For test doubles policy and violation examples, load the tdd-methodology skill.

Testing Boundaries per Architectural Layer

Layer	Test Strategy	Adapter Selection	Rationale
Domain	Pure unit test, zero I/O	N/A (no adapters)	Domain is pure functions — test with pure inputs
Application	InMemory ports for focused scenarios	InMemory doubles	Application orchestrates — test logic, not I/O
Adapter	REAL I/O ALWAYS*	Real system (tmp_path, subprocess, DB)	Adapter IS the I/O boundary — testing with InMemory defeats the purpose

*Exception: costly subprocesses (claude -p, LLM) and paid external APIs use contract smoke tests tagged @requires_external instead of real I/O. See nw-tdd-methodology Mandate 6 for the full adapter type → test type table. | WS/E2E | Per declared strategy (A/B/C/D) | Real for local, fake for costly | WS proves wiring — InMemory proves nothing about wiring |

Key Insight

A pure function stub at a driven port boundary models the port's CONTRACT, not the external system's BEHAVIOR. For every driven port stub, verify that an adapter integration test with real I/O covers the behavioral gap.

Integration Surface Ratio Heuristic

If the system's primary job is coordinating external processes (orchestrators, ETL, deployment scripts), invest MORE in WS and adapter integration tests than unit tests. If the system's primary job is domain computation (pricing, validation, parsing), the traditional pyramid applies.
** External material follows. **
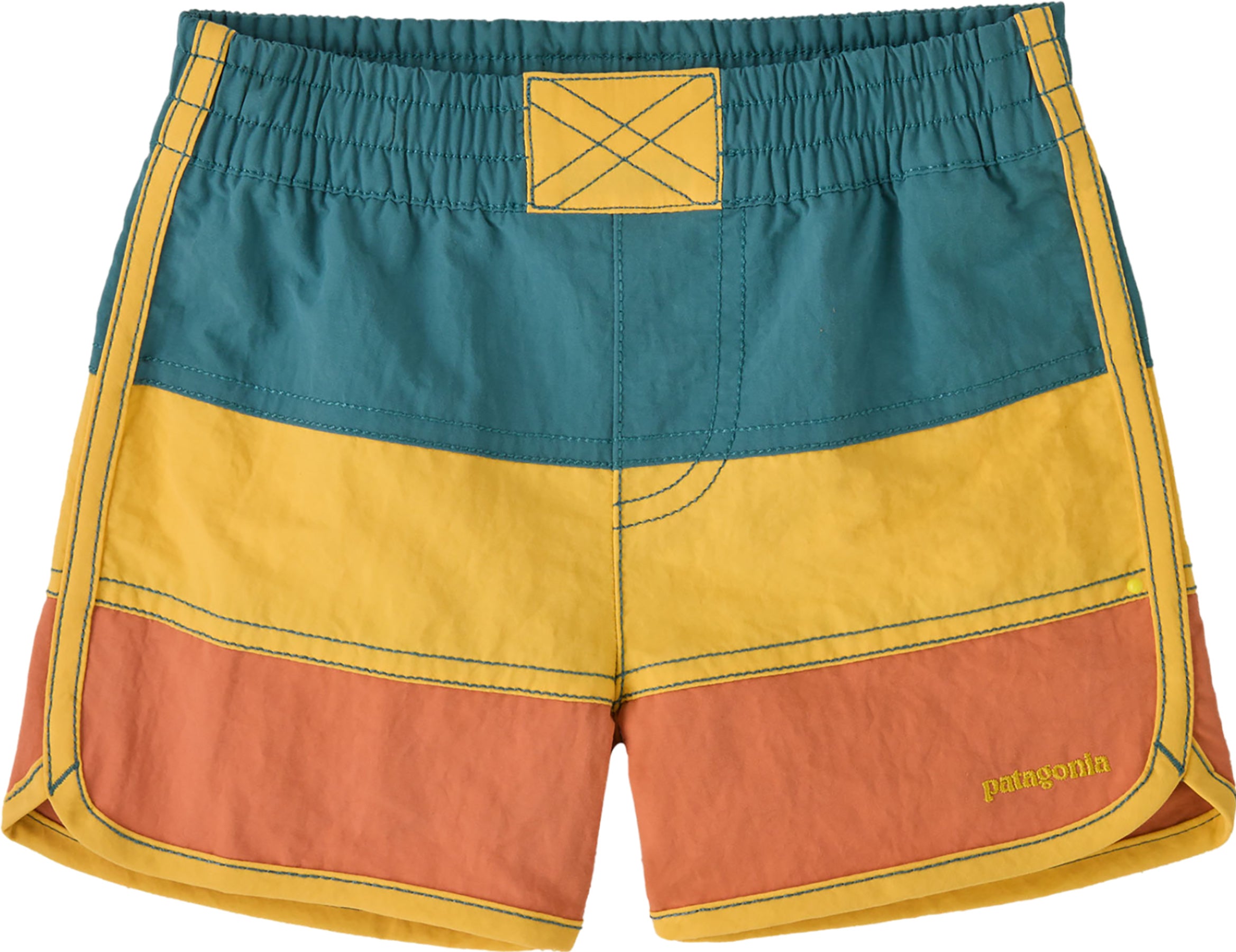 Our fun, color-blocked, baby-sized boardshorts are made of quick-drying fabric for comfort in and out of the water, and they have a soft elasticized waistband for easy on/off. The lightweight NetPlus® 100% postconsumer recycled nylon faille is made from recycled fishing nets to help reduce ocean plastic pollution; with a PFC-free DWR finish (durable water repellent coating that does not contain perfluorinated chemicals).
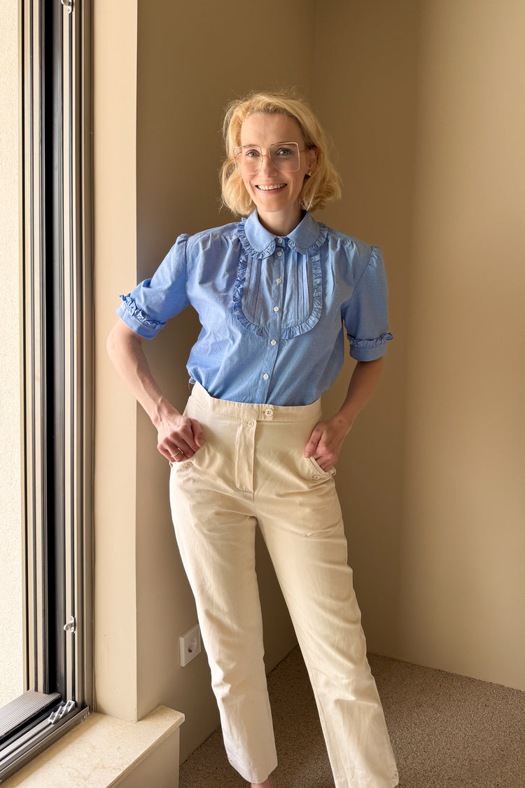 A nostalgic blouse with playful details and a flattering silhouette in the style of Sézane, Cyrillus or other French designer trends: this short-sleeved button-up blouse charms with its rounded collar, pintucked bib front and delicate ruffle trims. Pair it with high-waisted trousers or a skirt for a refined yet relaxed daytime look.

Strategy D Fixture Template

# conftest.py
import os
import pytest

@pytest.fixture
def subprocess_runner():
    """Returns real or fake subprocess runner based on E2E mode."""
    if os.getenv("NWAVE_E2E_REAL_SUBPROCESS") == "1":
        from myapp.adapters.real_subprocess_runner import RealSubprocessRunner
        return RealSubprocessRunner()
    from tests.doubles.fake_subprocess_runner import FakeSubprocessRunner
    return FakeSubprocessRunner(exit_code=0, stdout="OK")

Naming convention for multi-port Strategy D: NWAVE_E2E_REAL_{PORT_NAME} per driven port (e.g., NWAVE_E2E_REAL_SUBPROCESS, NWAVE_E2E_REAL_DATABASE). Use NWAVE_E2E_MODE=real as composite flag to enable ALL real adapters at once for full E2E.